Conserving thangkas is one of the things Shesrig Ladakh does to preserve the region's heritage
Conservation of Thangsham (the local term used for the textile verge of a Thangka painting) 

Step 7: Meanwhile, there is flipside team which is working on the textile verge known as thangsham locally. There is a particular method of washing the textile using conservation-grade detergents. 

“We don’t dip it straight into the water. Instead, we use wet sponges to wipe it very meticulously. Sometimes these confines are moreover torn or otherwise in a bad condition, for which we mend them using patchwork with silk, brocade or whatever material was originally used. We have a stock of raw silk, which is white. We dye it as per the thangka’s requirements. If the thangsham, for example, is blue, we will dye the silk undecorous and do the patchwork from the inside. We perform the process of dyeing ourselves at the studio,” she explains.  

Step 8: Once both elements are ready, they stitch the centrepiece canvas and the verge when together, pursuit which a instatement recurrence is washed-up and then returned to the client. 

Once again, depending on the state in which the thangka is sent, it takes anywhere between a fortnight to two months or increasingly to restore a thangka. It moreover depends on manpower.

“Most of the time, we work in groups of two or three women on one thangka, and depending on the scale of the task, it takes well-nigh a month or two if the forfeiture is extensive,” she says.  

‘What is this Muslim girl doing here?’ 

Given that most of the conservation work she does with Shesrig Ladakh relates to Buddhist heritage, questions have emanated from either side of the religious divide.  

But is her faith an obstacle in this line of work? 

“Most of the time, they don’t see my Muslim faith as an obstacle to the work that I do.
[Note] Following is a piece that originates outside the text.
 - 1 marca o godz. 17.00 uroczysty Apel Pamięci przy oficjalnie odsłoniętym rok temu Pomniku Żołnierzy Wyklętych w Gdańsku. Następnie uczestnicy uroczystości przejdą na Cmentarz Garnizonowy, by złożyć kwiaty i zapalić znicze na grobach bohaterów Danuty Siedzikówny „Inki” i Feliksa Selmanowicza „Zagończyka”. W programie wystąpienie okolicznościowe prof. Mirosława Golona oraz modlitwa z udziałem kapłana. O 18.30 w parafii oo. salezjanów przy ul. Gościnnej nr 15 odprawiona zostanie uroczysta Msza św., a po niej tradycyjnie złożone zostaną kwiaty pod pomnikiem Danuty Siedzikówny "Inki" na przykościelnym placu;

For the most part, I’m not treated as an outsider or not from the community. In fact, it has been the opposite, where I am given increasingly respect and love, expressly in monasteries,” she says. 
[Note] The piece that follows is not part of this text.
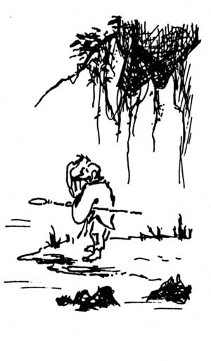 Ch: Xianzi. A semi-legendary 9th-century itinerant priest and eccentric. His name, meaning something like "Clam Priest," is derived from his practice of spending his days wandering along river-banks eating crayfish and clams. Although this practice is in conflict with the Zen 禅 (Ch: Chan) insistence on a strictly vegetarian diet, one story has it that Kensu achieved enlightenment while catching a shrimp. However, eccentrics who disobeyed Buddhist law to follow their own natures were often greatly respected. The earliest description of Kensu is found in the Record of The Transmission of The Lamp (Jp: Keitoku dentōroku 景徳伝灯録, Ch: Jingde Chuandenglu) of 1004 which lists him as a disciple of priest Dongshan (Jp: Dōsan 洞山; 807-69), one of the founders of the Sōtō 曹洞 sect of Zen. Some scholars, however, are wary of this claim and feel Kensu had no firm affiliation with an established order. Kensu reportedly lived near the White Horse Temple (Ch: Baimasi, Jp: Hakubaji 白馬寺) on Mt. Dong 東. In painting, he is usually depicted wearing ragged clothes, holding a crayfish in one hand and a net in the other. Images of Kensu are frequently paired with Zen eccentric *Chotō 猪頭, who is always represented carrying a boar's head. Typically, Kensu's hair is long and sparse and he bears a beatific grin. Among the best-known paintings of the subject are: those attributed to Muqi (Jp: Mokkei 牧谿, Private collection in Japan); by Kaō可翁 (act. mid-14th century; Tokyo National Museum); and Hasegawa Tōhaku 長谷川等伯 (1539-1610; Daitokuji Shinjuan 大徳寺真珠庵, Kyoto).

However, recently she heard someone say, ‘What is this Muslim girl doing here?’ “Look, this is how the world virtually us is moving. As Muslims in India, we know what’s going on. But I do not take these comments personally considering I have to do what I know how to do,” she says. 

Noor Jahan
Noor Jahan: “I have to do what I know how to do”

But such ad-hominem comments don’t necessarily come from the Buddhist community. She plane notes how members of her religious polity pass judgement on her line of work. 

“Sometimes, people from the polity tideway my family to mutter well-nigh my work, but fortunately they have been very understanding,” she notes. 

Another struggle Noor deals with is the significant lack of sensation in Ladakh well-nigh art and heritage conservation as a field. “Even though they support me, my parents and some friends still don’t understand the kind of work I do. They still think this is a ‘hobby’ to me and don’t take me seriously. Plane though the conversation in Ladakh well-nigh restoration and conservation has progressed a little, there are still people who think that this work can be washed-up for free. This is something, I hope, changes with time as the conversation virtually this subject grows,” she says.